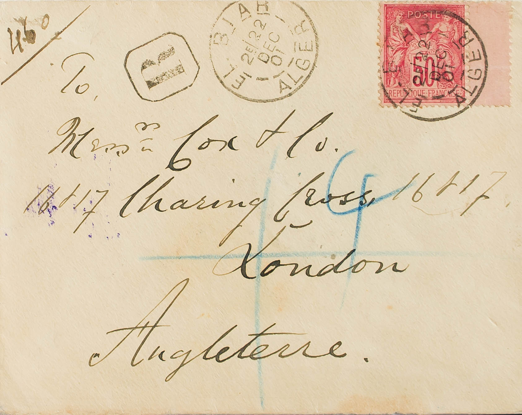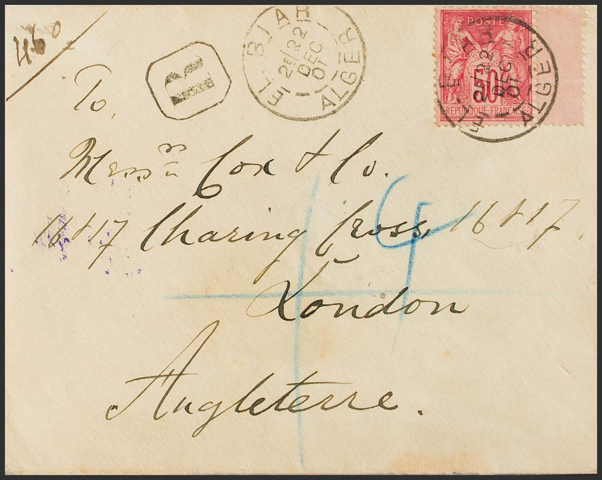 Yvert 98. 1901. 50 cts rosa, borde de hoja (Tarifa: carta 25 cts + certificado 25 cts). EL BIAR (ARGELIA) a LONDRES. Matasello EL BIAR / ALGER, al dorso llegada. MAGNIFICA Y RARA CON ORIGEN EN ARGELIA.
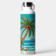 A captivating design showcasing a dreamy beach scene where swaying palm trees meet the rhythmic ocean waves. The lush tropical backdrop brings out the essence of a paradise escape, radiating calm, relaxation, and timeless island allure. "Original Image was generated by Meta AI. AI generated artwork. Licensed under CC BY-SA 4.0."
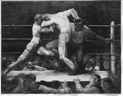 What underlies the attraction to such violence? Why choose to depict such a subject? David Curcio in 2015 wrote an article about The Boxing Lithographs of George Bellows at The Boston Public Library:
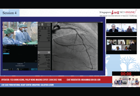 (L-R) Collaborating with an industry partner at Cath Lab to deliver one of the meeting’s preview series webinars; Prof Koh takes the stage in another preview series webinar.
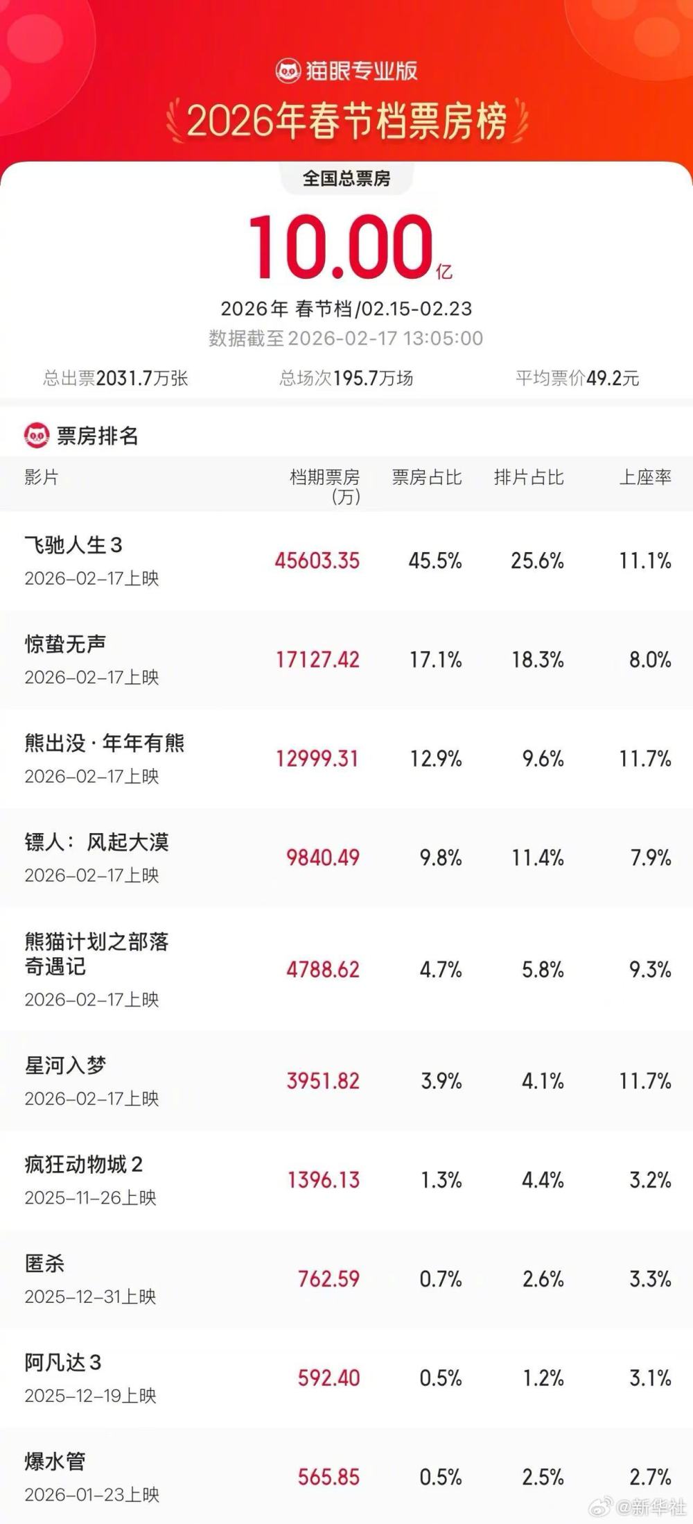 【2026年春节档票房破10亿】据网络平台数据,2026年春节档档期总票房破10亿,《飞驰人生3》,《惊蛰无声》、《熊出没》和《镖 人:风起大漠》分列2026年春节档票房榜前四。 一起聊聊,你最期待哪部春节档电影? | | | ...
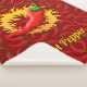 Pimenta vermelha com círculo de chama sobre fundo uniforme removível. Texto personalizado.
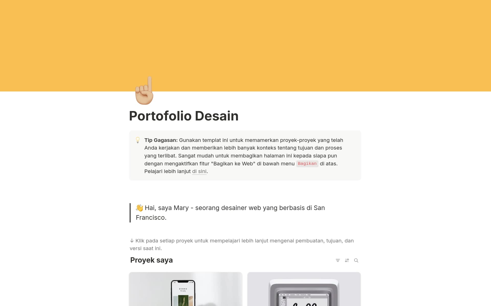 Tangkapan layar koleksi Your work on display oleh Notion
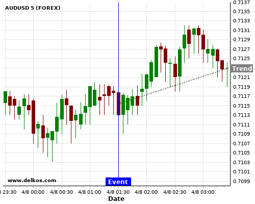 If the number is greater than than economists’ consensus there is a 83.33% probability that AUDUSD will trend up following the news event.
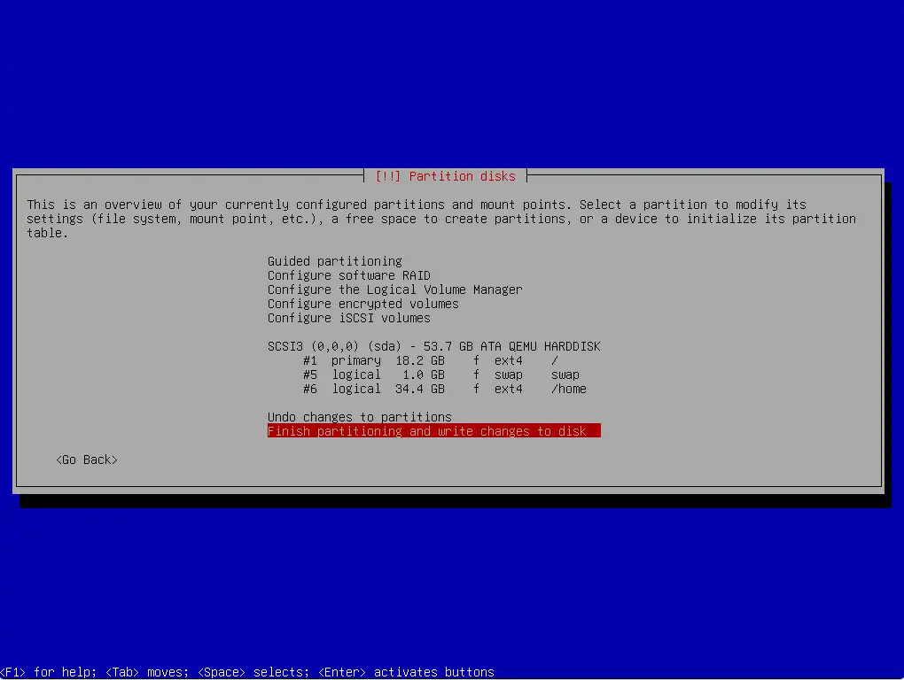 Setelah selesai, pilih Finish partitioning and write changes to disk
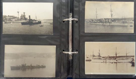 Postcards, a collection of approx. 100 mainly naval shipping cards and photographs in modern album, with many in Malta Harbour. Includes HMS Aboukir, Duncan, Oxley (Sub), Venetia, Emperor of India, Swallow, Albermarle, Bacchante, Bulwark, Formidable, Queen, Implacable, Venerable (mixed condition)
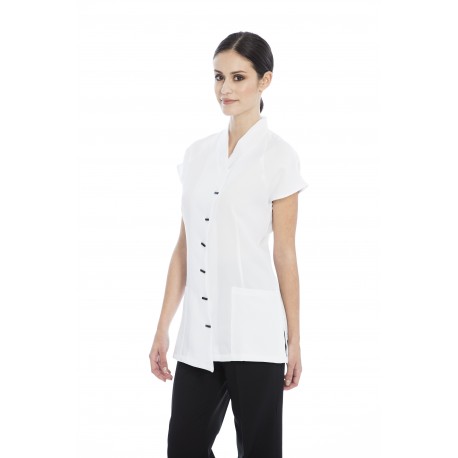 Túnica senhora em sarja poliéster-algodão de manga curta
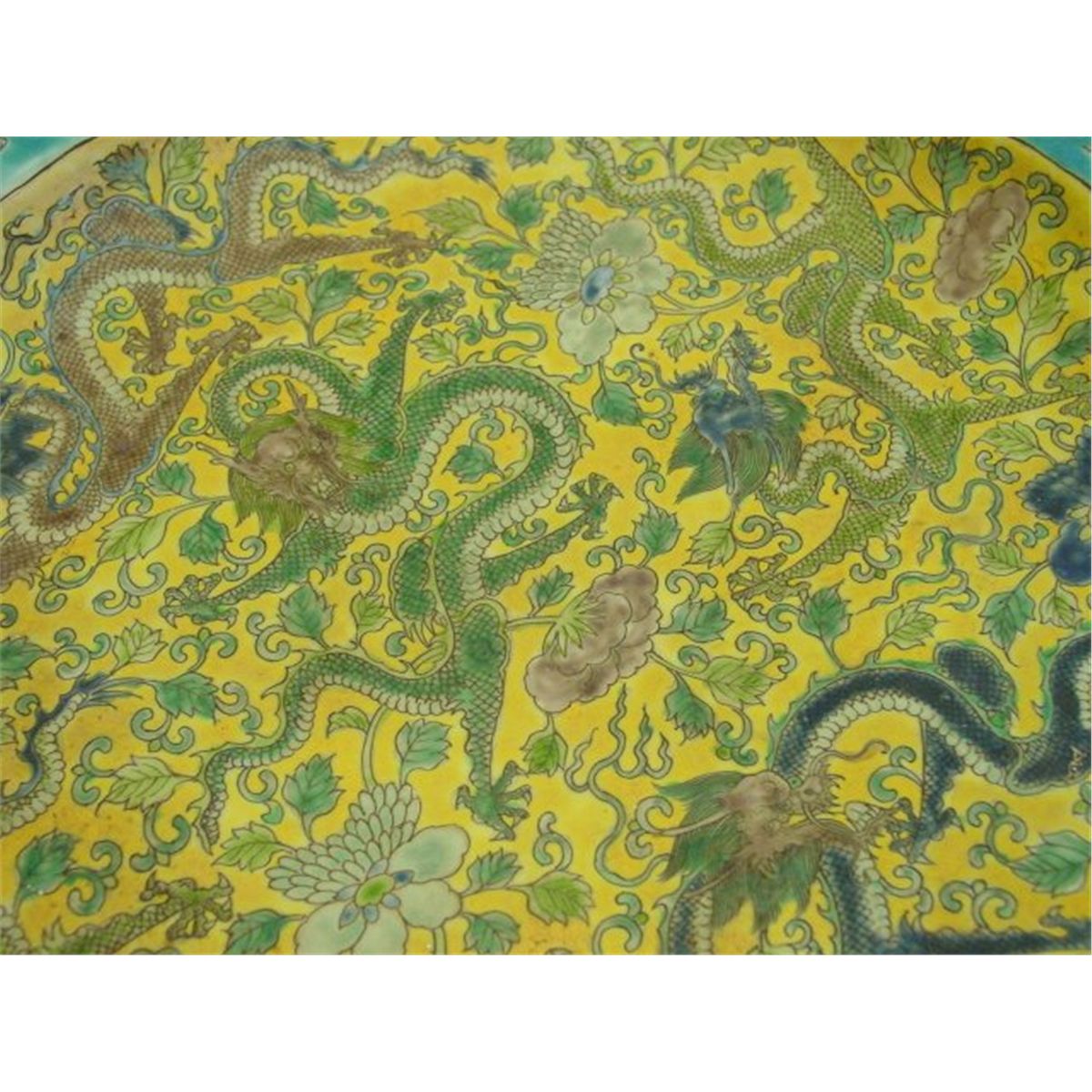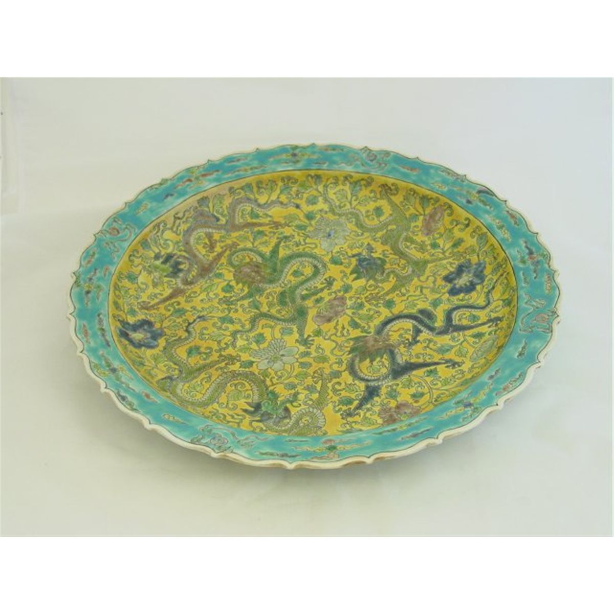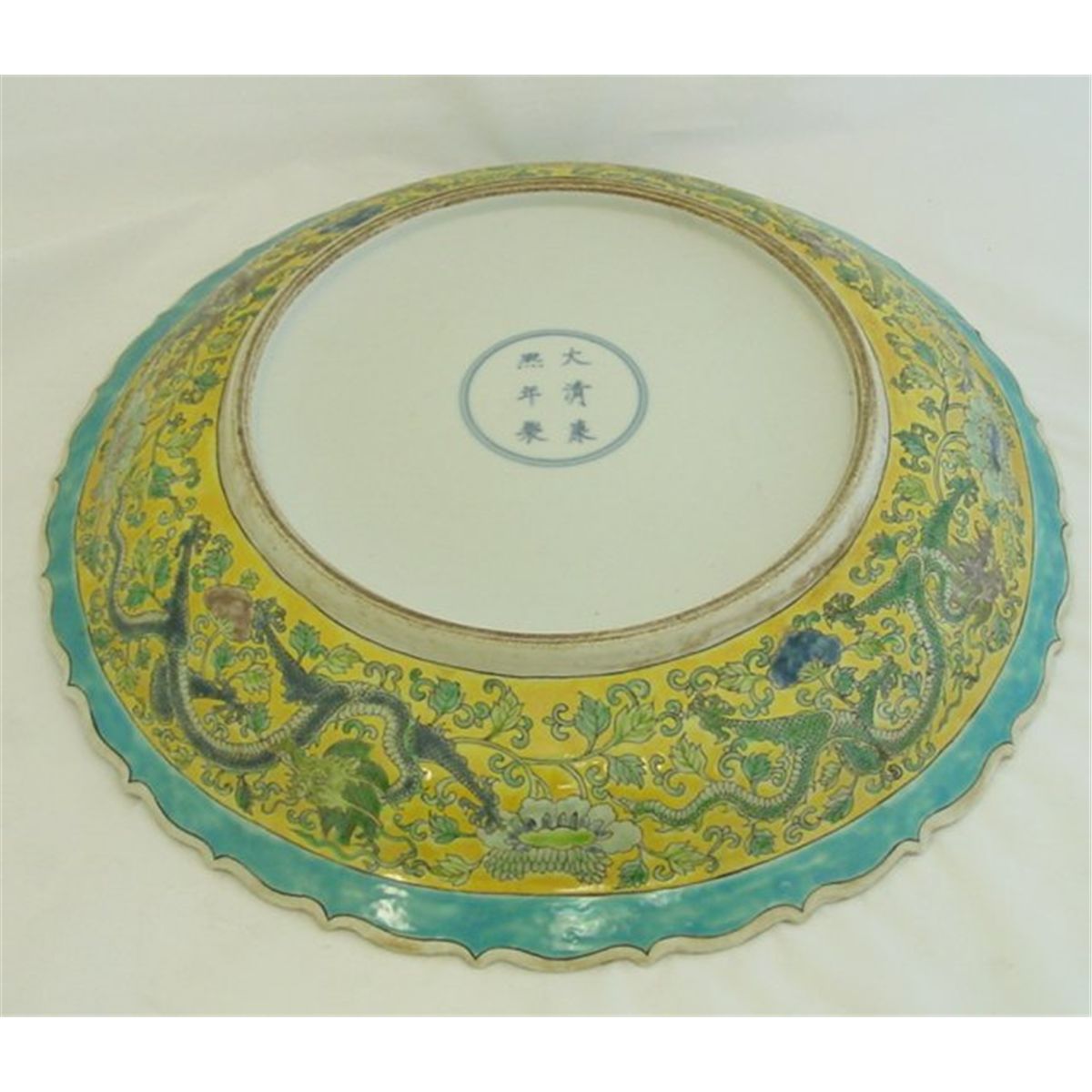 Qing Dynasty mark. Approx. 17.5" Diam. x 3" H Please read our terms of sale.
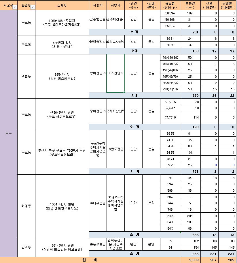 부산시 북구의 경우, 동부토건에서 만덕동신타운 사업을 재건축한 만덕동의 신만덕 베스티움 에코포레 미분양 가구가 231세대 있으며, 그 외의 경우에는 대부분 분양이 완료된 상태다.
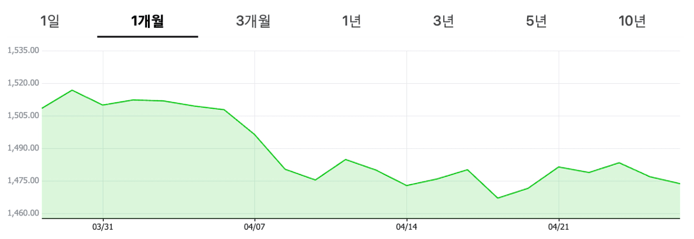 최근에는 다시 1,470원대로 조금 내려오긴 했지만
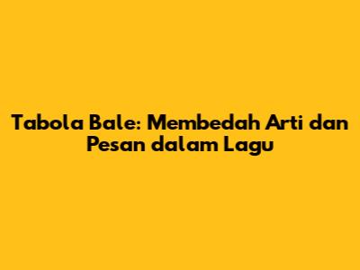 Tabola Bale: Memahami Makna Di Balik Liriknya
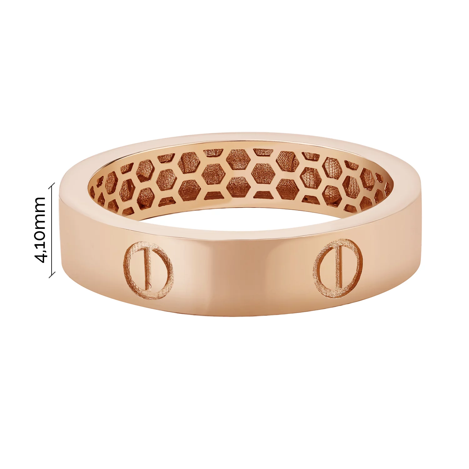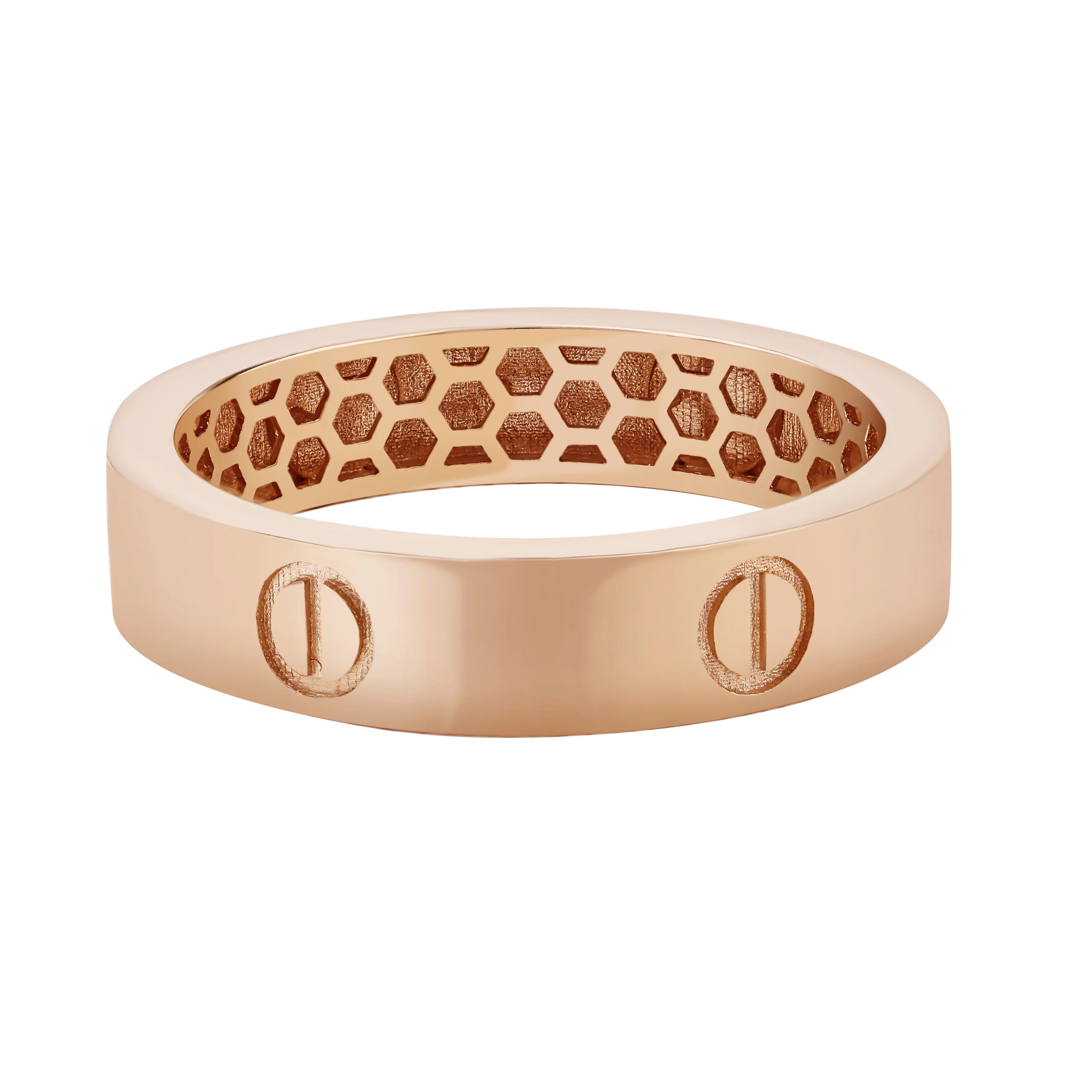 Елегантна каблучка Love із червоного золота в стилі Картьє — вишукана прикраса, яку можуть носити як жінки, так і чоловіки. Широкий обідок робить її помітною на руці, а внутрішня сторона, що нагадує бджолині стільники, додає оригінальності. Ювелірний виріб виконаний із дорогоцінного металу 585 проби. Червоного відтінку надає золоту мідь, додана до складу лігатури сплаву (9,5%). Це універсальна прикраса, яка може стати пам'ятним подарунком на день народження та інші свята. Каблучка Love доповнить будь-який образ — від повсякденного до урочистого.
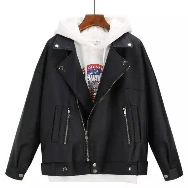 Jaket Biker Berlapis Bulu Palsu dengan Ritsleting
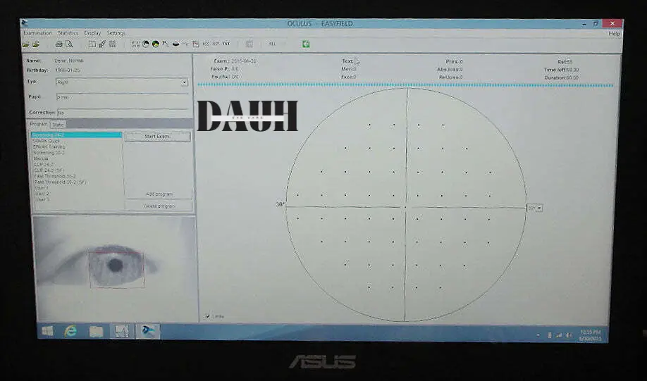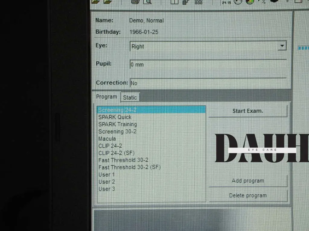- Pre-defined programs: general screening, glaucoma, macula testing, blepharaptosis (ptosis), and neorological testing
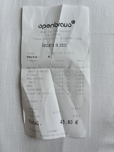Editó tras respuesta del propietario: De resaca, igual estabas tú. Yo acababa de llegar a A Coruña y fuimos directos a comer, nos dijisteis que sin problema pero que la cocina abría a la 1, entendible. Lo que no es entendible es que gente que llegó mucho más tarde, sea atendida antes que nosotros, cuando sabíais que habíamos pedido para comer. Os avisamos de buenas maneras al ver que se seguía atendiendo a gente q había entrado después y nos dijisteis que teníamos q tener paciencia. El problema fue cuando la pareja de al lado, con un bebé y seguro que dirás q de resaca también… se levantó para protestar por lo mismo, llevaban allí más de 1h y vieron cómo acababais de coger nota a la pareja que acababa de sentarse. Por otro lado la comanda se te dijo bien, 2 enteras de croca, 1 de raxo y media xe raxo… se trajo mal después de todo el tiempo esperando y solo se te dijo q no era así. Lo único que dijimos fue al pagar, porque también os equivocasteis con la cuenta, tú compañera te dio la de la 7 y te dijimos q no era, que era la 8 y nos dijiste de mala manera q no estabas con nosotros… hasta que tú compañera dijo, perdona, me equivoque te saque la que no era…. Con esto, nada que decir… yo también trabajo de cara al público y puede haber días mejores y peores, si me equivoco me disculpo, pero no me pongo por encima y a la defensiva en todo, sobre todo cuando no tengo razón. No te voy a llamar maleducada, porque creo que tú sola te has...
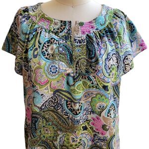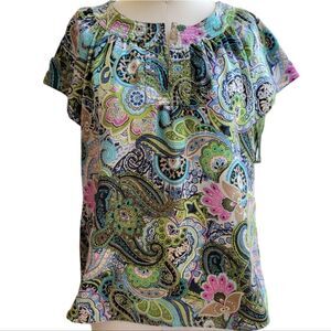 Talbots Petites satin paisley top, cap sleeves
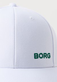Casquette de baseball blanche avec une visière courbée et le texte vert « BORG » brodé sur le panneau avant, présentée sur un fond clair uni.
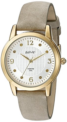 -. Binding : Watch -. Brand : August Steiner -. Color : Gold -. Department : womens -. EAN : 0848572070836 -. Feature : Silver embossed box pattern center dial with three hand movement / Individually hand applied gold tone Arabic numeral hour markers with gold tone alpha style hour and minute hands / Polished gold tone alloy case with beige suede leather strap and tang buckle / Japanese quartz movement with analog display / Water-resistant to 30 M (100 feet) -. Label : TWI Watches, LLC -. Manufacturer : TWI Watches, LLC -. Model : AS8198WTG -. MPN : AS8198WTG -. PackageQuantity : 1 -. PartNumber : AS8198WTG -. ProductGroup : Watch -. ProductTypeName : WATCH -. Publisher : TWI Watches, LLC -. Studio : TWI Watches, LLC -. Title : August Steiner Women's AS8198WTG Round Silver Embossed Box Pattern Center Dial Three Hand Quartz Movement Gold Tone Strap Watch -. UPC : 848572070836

Requirement: Exact lines only, please. Repeat everything from the top of the records through the line containing "(L-R) Collaborating with", both ends in and pictures out.

Exercise output:
 Yvert 98. 1901. 50 cts rosa, borde de hoja (Tarifa: carta 25 cts + certificado 25 cts). EL BIAR (ARGELIA) a LONDRES. Matasello EL BIAR / ALGER, al dorso llegada. MAGNIFICA Y RARA CON ORIGEN EN ARGELIA.
 A captivating design showcasing a dreamy beach scene where swaying palm trees meet the rhythmic ocean waves. The lush tropical backdrop brings out the essence of a paradise escape, radiating calm, relaxation, and timeless island allure. "Original Image was generated by Meta AI. AI generated artwork. Licensed under CC BY-SA 4.0."
 What underlies the attraction to such violence? Why choose to depict such a subject? David Curcio in 2015 wrote an article about The Boxing Lithographs of George Bellows at The Boston Public Library:
 (L-R) Collaborating with an industry partner at Cath Lab to deliver one of the meeting’s preview series webinars; Prof Koh takes the stage in another preview series webinar.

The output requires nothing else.